En síntesis, podemos decir que el gran legado de la Revolución francesa, como “disturbio revolucionario”, es el haber transformado el aparato cultural del sistema-mundo (aunque solo lo haya hecho de un modo incompleto y ambiguo), pues impulso “la pasión por el cambio, el desarrollo, el ‘progreso’”, es decir, permitió al sistema-mundo romper con las barreras culturales al acelerar las fuerzas de cambio en todo el mundo.

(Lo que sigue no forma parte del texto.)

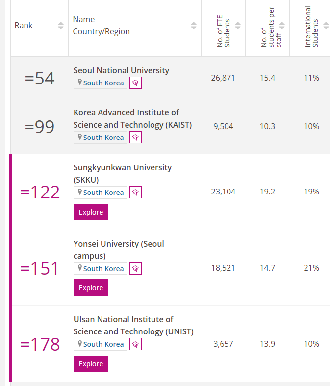 먼저 THE에서 발표한 한국 대학 순위를 살펴 보겠습니다. 대한민국 대학 순위로는 국립서울대가 1위를 차지했습니다. 명실상부 한국 최고의 대학으로 서울대는 부동의 1위를 지키고 있습니다. 서울대는 세계 순위로는 54위이며 아시아에서는 8번째 순위입니다. 다음 순위로는 2위 카이스트(세계 99위), 3위 성균관대(122위), 4위 연세대(151위), 5위 유니스트(178위), 6위 포스텍(185위), 7위 고려대(251-250), 8,9위 경희대, 세종대(251-300), 9위 한양대(351-400), 10위 지스트, 광주과학기술원(501-600)순입니다. 인서울 대학 종합대학으로 한정하여 보면 서울대, 성균관대, 연세대, 고려대, 경희대, 세종대, 한양대, 이화여대, 중앙대, 건국대, 서강대, 서울시립대, 국민대, 숭실대 순입니다. 일반적으로 알고 있는 대학 순위와는 다소 차이가 있는데 세종대학교의 순위가 높은 것이 특징입니다. 중상위권 대학으로 평가되는 한국외국어대는 THE평가에서는 순위권 밖에 있습니다. 지방 거점 국립대 순위로는 경북대, 부산대, 충남대, 전북대, 전남대, 충북대, 강원대, 제주대 순입니다.

En la misma línea, Hobsbawm presenta a la revolución francesa como el primer gran ejemplo de transformación del aparato cultural del mundo: sanciona que entre 1789 y 1917, las políticas europeas se debatieron ya sea a favor o en contra de los principios elevados durante la revolución francesa, principalmente los de 1789 y 1793; en esta misma línea, reconoce que la revolución proporciono el vocabulario y los programas de los partidos liberales, radicales y democráticos de la mayor parte del mundo; además, señala que la revolución ofreció el primer gran ejemplo, concepto y vocabulario del nacionalismo. Tambien explica que proporciono los modelos de los códigos legales contemporáneos, los modelos de la organización científica y técnica, y el sistema métrico decimal a muchísimos países. Este creciente impulso ideológico de transformación social, económica, política y cultural, penetró las antiguas civilizaciones por medio de la influencia ideológica francesa.

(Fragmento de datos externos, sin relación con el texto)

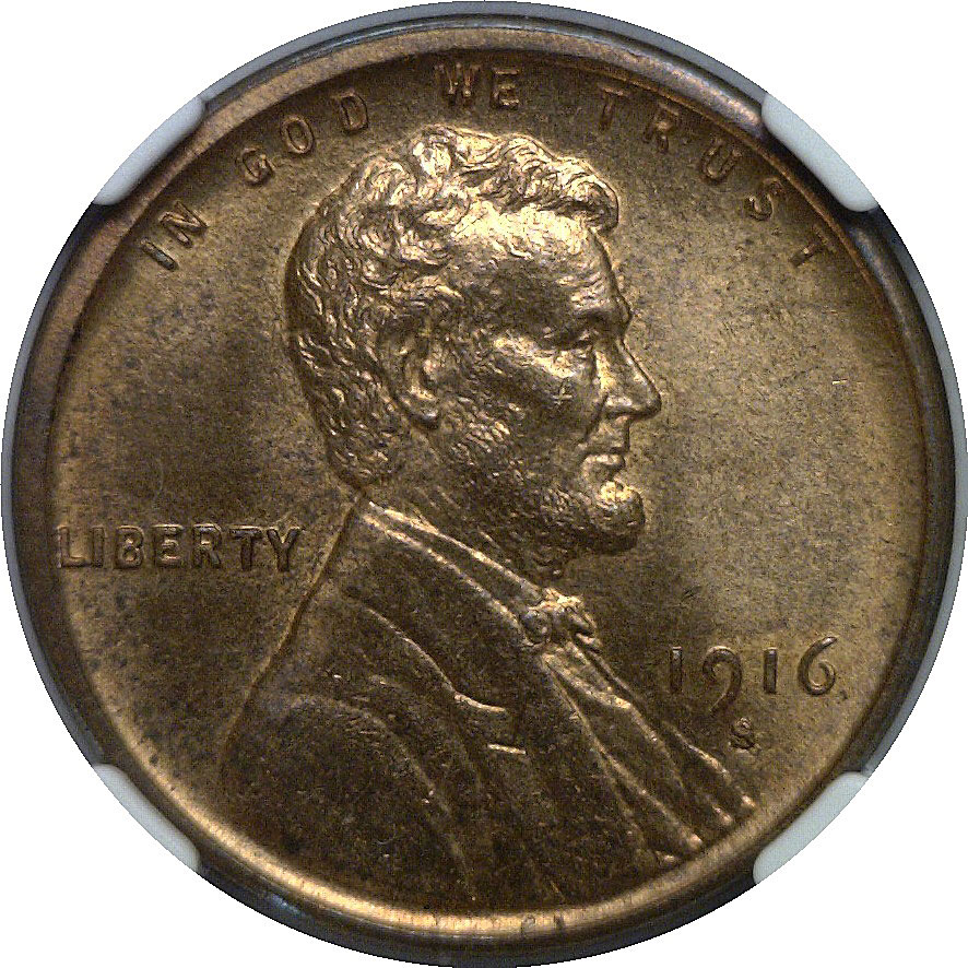 A sharp Gem example of this early San Francisco issue. Rich red-brown color blends with strong mint luster, while the strike reveals crisp detail throughout Lincoln’s portrait and the reverse wheat ears. Well preserved surfaces give the coin excellent overall eye appeal.

La revolución francesa, para Hobsbawm, fue única en su clase para su época, en cuanto destruyo a la monarquía absoluta más poderosa de Europa, promoviendo la caída del antiguo régimen y alentando el acenso de nuevas fuerzas sociales. Un elemento interesante que destaca el texto de nuestro autor, es el carácter del grupo que llevo a cabo esta revolución: la burguesía, que se apoyo fuertemente en las ideas del liberalismo clásico formuladas por los filósofos y economistas, ideas que fueron fuertemente propagadas por la francmasonería y otras sociedades secretas o asociaciones. Esta burguesía no expresaba un interés demócrata, a pesar de sus consignas que remitían a “la voluntad general del pueblo”: mas bien se encontraban alentados por el interés de poder establecer las libertades civiles y garantías constitucionales para la iniciativa privada, donde los comandantes del Estado fueran los grandes contribuyentes y propietarios.